By Amber Hester Kuehn, HHI Sea Turtle Protection Project Manager
About 30 years ago, a loggerhead hatchling sea turtle emerged with a hundred others from one sandy hole on a dark Hilton Head beach. She was two inches long and headed for a vast sea of darkness. Odds against her, instinct set her course as she entered the surf and swam east as fast as her frenzy would take her. As night turned into day, the journey became more perilous. Pelicans swooped in and barely missed her, although others were not so lucky.

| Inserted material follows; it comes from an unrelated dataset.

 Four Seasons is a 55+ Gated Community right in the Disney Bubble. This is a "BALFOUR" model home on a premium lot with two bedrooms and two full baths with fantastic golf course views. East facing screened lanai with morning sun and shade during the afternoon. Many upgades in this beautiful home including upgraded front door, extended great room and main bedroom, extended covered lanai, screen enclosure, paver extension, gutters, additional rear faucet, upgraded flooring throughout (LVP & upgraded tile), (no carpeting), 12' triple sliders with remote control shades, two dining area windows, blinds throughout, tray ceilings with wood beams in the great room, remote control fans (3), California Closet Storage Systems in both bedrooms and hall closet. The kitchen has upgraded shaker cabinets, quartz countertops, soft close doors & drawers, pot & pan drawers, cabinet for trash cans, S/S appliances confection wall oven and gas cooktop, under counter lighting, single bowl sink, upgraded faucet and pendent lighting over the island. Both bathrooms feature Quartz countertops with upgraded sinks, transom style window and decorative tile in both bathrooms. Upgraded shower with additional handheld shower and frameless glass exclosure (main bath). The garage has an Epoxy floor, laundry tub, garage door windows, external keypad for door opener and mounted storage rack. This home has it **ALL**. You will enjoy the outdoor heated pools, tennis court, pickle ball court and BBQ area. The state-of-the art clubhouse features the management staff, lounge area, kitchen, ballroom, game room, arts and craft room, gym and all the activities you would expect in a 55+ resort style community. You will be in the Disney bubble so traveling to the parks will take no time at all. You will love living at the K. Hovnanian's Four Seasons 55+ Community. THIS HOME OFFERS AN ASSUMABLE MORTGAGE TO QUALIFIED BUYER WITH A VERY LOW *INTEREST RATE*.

The bulky bird pushed her down deeper where a fish tried to swallow her. A boat zoomed by and she tumbled in the wake, away from the fin fish disaster. The water was full of bubbles, but her magnetite had since connected with the magnetic fields of the earth to set her back on track. Her ancestors navigated the ocean before the dinosaurs roamed the earth – she was born with the potential of inheriting all of this knowledge if she could just survive long enough to walk into the water and swim against the waves for 30 minutes. Twenty miles offshore with 40 miles before she reached the current, shelter and food, she kept going.

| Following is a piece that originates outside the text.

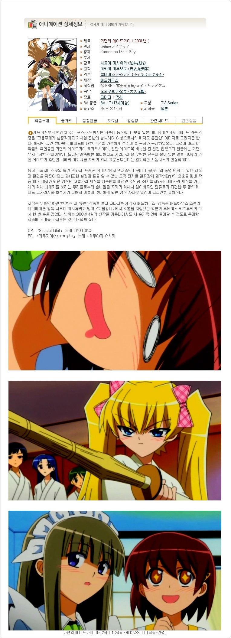 가면의 메이드가이 01-12화 [ 1024 x 576 DivX5.0 ] 다시보기 토렌트

The Gulf Stream “Express” took her across the Atlantic and to the Azores, an isolated island chain off the coast of Portugal. It took about a year – not a fast train, and not the safest route either. Other currents tempted her to move away from the North Atlantic Gyre; they would have taken her to the frigid waters of the Arctic or into the middle of the Sargasso Sea where she would get nowhere. There were other sea turtles there when she arrived, ages ranging from one to 10 years, from Florida, Georgia, South Carolina and North Carolina. One by one, new hatchlings were arriving as the older ones moved out, never to return. Where did they go?

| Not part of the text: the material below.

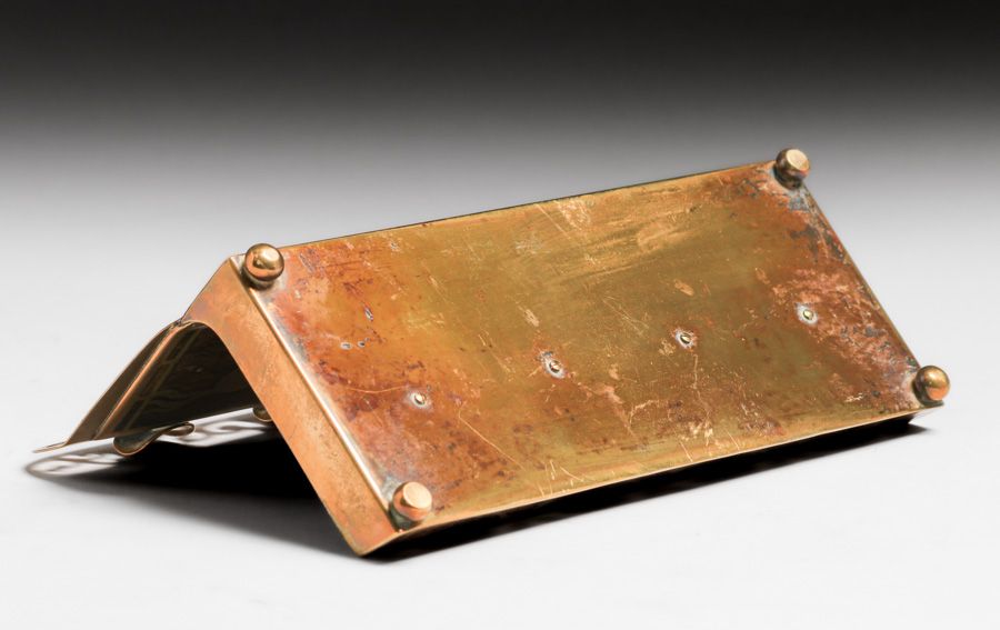 Erhard & Sohne – German Arts & Crafts Mahogany & Brass Pipe Rest c1905. Unsigned. Excellent original patina. Erhard Sohne was granted the world patent for the manufacture of brass inlay in 1904. 8 5/8"w x 4"h x 3.25"d SOLD

After a decade, she too got a glimpse into her destiny. It took her back to the beginning. The Lowcountry had changed a bit, but her instinct attracted her to foraging grounds where blue crab, horseshoe crab, whelk, clams and urchin lay in wait. As she continued to mature over the next 20 years, there were many near misses. Others were struck by boats, swallowed hooks or ate plastic, but this one survived and destiny called again. She had not walked in 30 years, and now with 400 pounds to carry, it was not as easy as it had been. At least it was dark – under the cover of darkness to avoid predators and eluding the heat of the summer sun, she could take her time digging the hole two to three feet with a narrow chamber and a bowl at the bottom. Contractions, 120 eggs and a disguise were left behind. Then she returned to the ocean, but she would be back. She is the survivor, one of 10,000 hatchlings that she walked with 30 years ago. She beat the odds.
Helping on Hilton Head
The first sea turtle nest laid on Hilton Head Island in 2015 was on May 8 – an early start to the nesting season as the water temperature warmed up faster than usual. We start looking for sea turtles near shore when the water temperature reaches 70 degrees. The last nest of the season was laid on August 12, 2015. This year, obstacles for hatchlings ranged from extreme heat and storms to artificial lights. We can’t control the weather, but we can flip a switch. A lighting ordinance on Hilton Head Island since 1990, declares that lights visible on the beach should be OFF May – October, 10 p.m.-6 a.m. Visitors and residents alike should be aware of this very important aspect to sea turtle conservation. In 2015, hatchlings from 18 nests were destined for porch, landscape, and construction lights instead of the moon’s reflection on the Atlantic Ocean compared to four nests last season. In other words, approximately 2,000 hatchlings died unnecessarily because exterior beachfront lights were left on all night.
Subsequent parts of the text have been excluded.